Ozymandias was huge, and it had been an easy station to track with her ship controls. Her Code-X throne reconnaissance vessel was itself a small wedge against the night, and the craft’s heavy shielding protected it from the scanner sweeps of the prime Voider station. The Code-X craft could have been called a pinnacle of throne military engineering, designed for the most subversive and perilous of observation, infiltration, sabotage, and extraction missions.
Just like me, the red-haired, pale-skinned clone thought. But there was no smile on her lips, nor any trace of warmth to her thought.
The woman wondered at her irritation as she slowed her thrusters, allowing her speed to match the distant Ozymandias ahead. She knew that was against Commander-General Cread’s orders—she was to waste no time in apprehending the fugitives, and her refined scanners had tracked their FTL signatures here.
But I like this part, Black Rose realized about herself. She didn’t understand people who said that the worst part of any mission was the jitters beforehand.
They are just weak-willed, she had to surmise.
Black Rose liked the flutter of uncertainty in her belly as she considered all the possible scenarios that could play out ahead of her. It made her sharper. She liked hanging back and observing her target, wait
ing until the tension built to a crescendo.
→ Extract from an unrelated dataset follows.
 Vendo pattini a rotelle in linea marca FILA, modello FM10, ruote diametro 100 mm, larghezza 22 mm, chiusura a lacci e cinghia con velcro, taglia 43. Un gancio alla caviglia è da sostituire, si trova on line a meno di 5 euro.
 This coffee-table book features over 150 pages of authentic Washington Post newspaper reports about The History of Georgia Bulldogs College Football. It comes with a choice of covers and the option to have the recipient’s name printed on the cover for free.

She wondered if it was that sense of uncertainty that she craved. Her life so far was more like the Code-X craft than she would care to admit. Every meal, training session, lesson, or mission was planned out to exact military standards. But it wasn’t just the regular routine of a military timetable that occupied her, it was also the scientific observations of the Gene Seers. When she wasn’t being dropped behind pirate or dissident lines to fight her way out, or to kill a high-ranking target, she was at the complete mercy of a constant battery of psychological and biological testing procedures. Even something as simple as her meals changed every day to reflect her current metabolic rate or particular nutritional requirements.
I am a machine just like this one. She patted the armrest of the Code-X craft, but this time that thought did not give her the comfort that it had before.
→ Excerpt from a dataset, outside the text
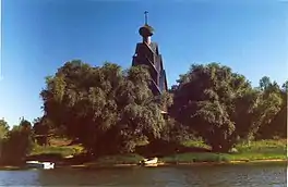 The wooden Church of the Nativity of Saint John the Baptist (1694) at the village of Shirkovo, classified as a cultural heritage monument of the federal significance, is located at the bank of the lake.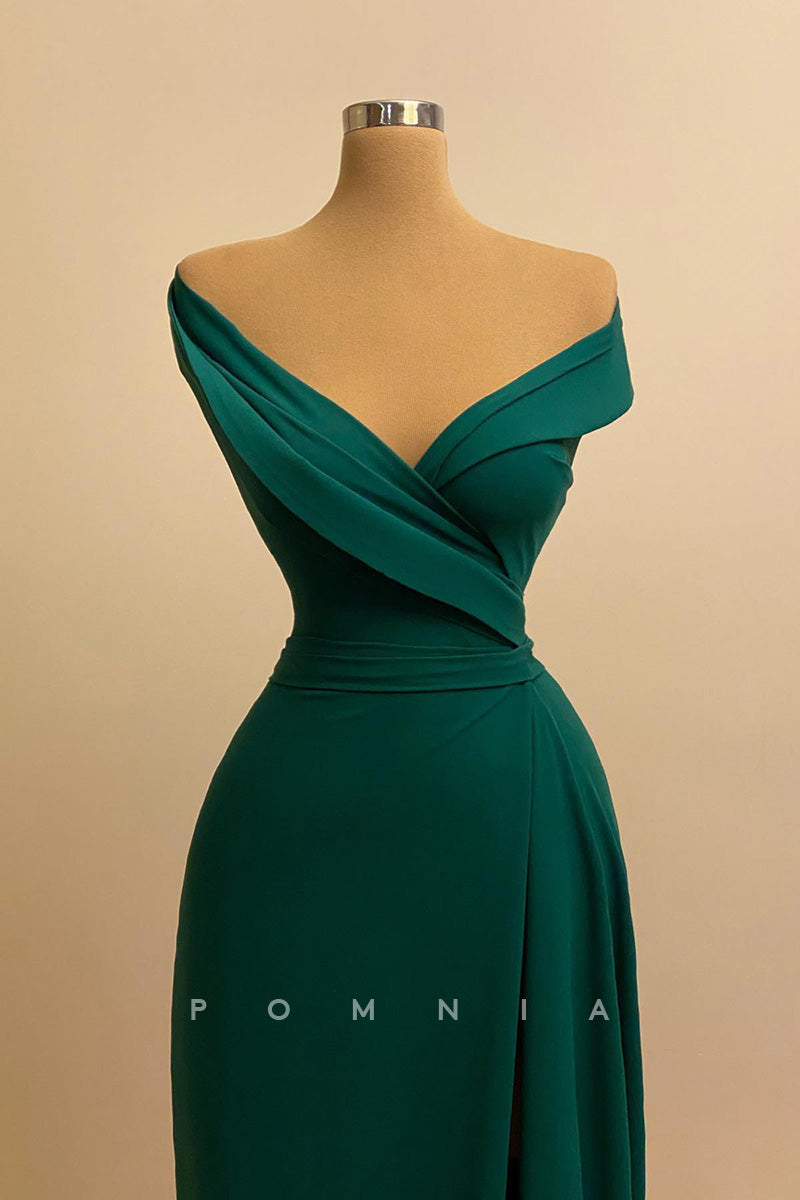 The P1438 Dress is perfect for your formal occasion. Its sophisticated off-shoulder V-neck and sheath design flatter all body shapes. Constructed from luxurious satin, the side-split hemline creates an elegant flowing silhouette. Look stunning and feel confident for any special event.

If anything, Black Rose didn’t quite know what she felt right at the moment.
Is it that the commander-general is angry at me? she interrogated herself. Perhaps. But then again, she had seen Cread angry on many occasions before, hadn’t she?
The image of those broken-open bio-containment tubes swum into her mind once more—the ones on the frontier world of Benevolent, which had apparently contained PK-active humans.
I was grown in one of those tubes, she knew, although she had no recollections of the event. The young clone had never been under any illusions about her parentage at all, or her mix of it, at least. She was the product of many thousands of splices of selective gene-coding, even with a bit of Ilythian genetic structure layered into the mix.
I am a machine, she told herself. I was built for a purpose. Again, that had never been a fact that had bothered her. Commander-General Cread and the Architrex of the Gene Seers himself had always praised her for it.